*Task:* Aim for an exact copy of the listing, without any images.

*Stored data:*
────

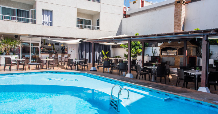 The aparthotel Apartamentos Vigilia Park is located approximately 1 km from a beach. The city centre is also just a few steps away. A supermarket is around 100 m away. The hotel is equipped with a 24h reception, a shop, a hairdresser, a jacuzzi as well as a TV lounge. In the outdoor area you will find a pool (open all year), where sun loungers and sun umbrellas are available for free. There is also a children's pool. Furthermore, you can relax outdoors on the sun terrace. If necessary, you can contact the medical centre (for a fee). For conventions and other business meetings, the hotel offers a conference area. If you want to explore the holiday region, you can use the car rental service close to the hotel. Catering Breakfast is offered from the buffet. Enjoy your lunch from the buffet or à la carte. Dinner is served à la carte. For the meals, there are a restaurant and a bar. Distances
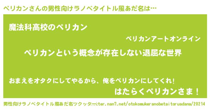 | 女子向けラノベタイトル風あだ名 | 『異世界で失敗しない100のペリカン』 |
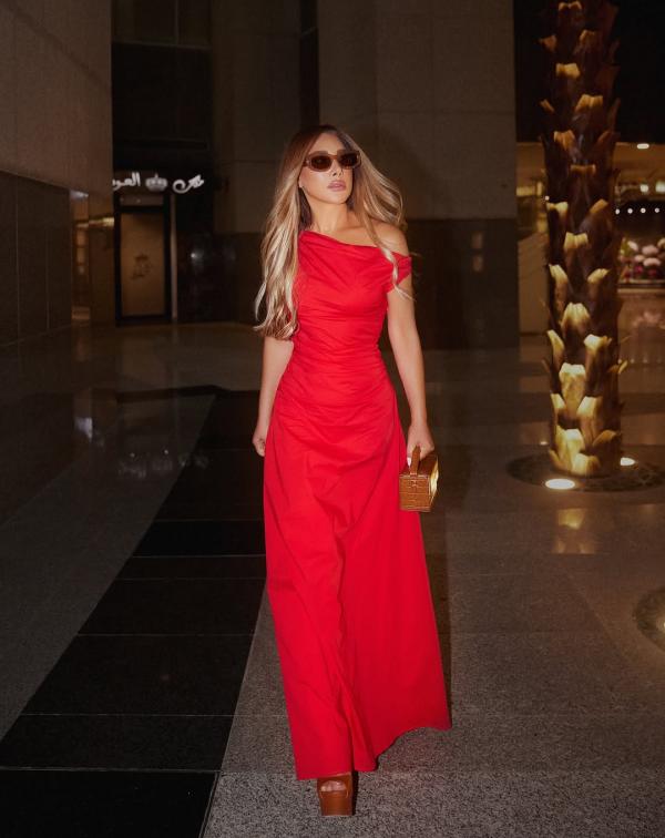 • إطلالة نجوى كرم في عيد الميلاد: فستان أحمر ونظارات شمسية

────

*Solution to the problem:*
 The aparthotel Apartamentos Vigilia Park is located approximately 1 km from a beach. The city centre is also just a few steps away. A supermarket is around 100 m away. The hotel is equipped with a 24h reception, a shop, a hairdresser, a jacuzzi as well as a TV lounge. In the outdoor area you will find a pool (open all year), where sun loungers and sun umbrellas are available for free. There is also a children's pool. Furthermore, you can relax outdoors on the sun terrace. If necessary, you can contact the medical centre (for a fee). For conventions and other business meetings, the hotel offers a conference area. If you want to explore the holiday region, you can use the car rental service close to the hotel. Catering Breakfast is offered from the buffet. Enjoy your lunch from the buffet or à la carte. Dinner is served à la carte. For the meals, there are a restaurant and a bar. Distances
 | 女子向けラノベタイトル風あだ名 | 『異世界で失敗しない100のペリカン』 |
 • إطلالة نجوى كرم في عيد الميلاد: فستان أحمر ونظارات شمسية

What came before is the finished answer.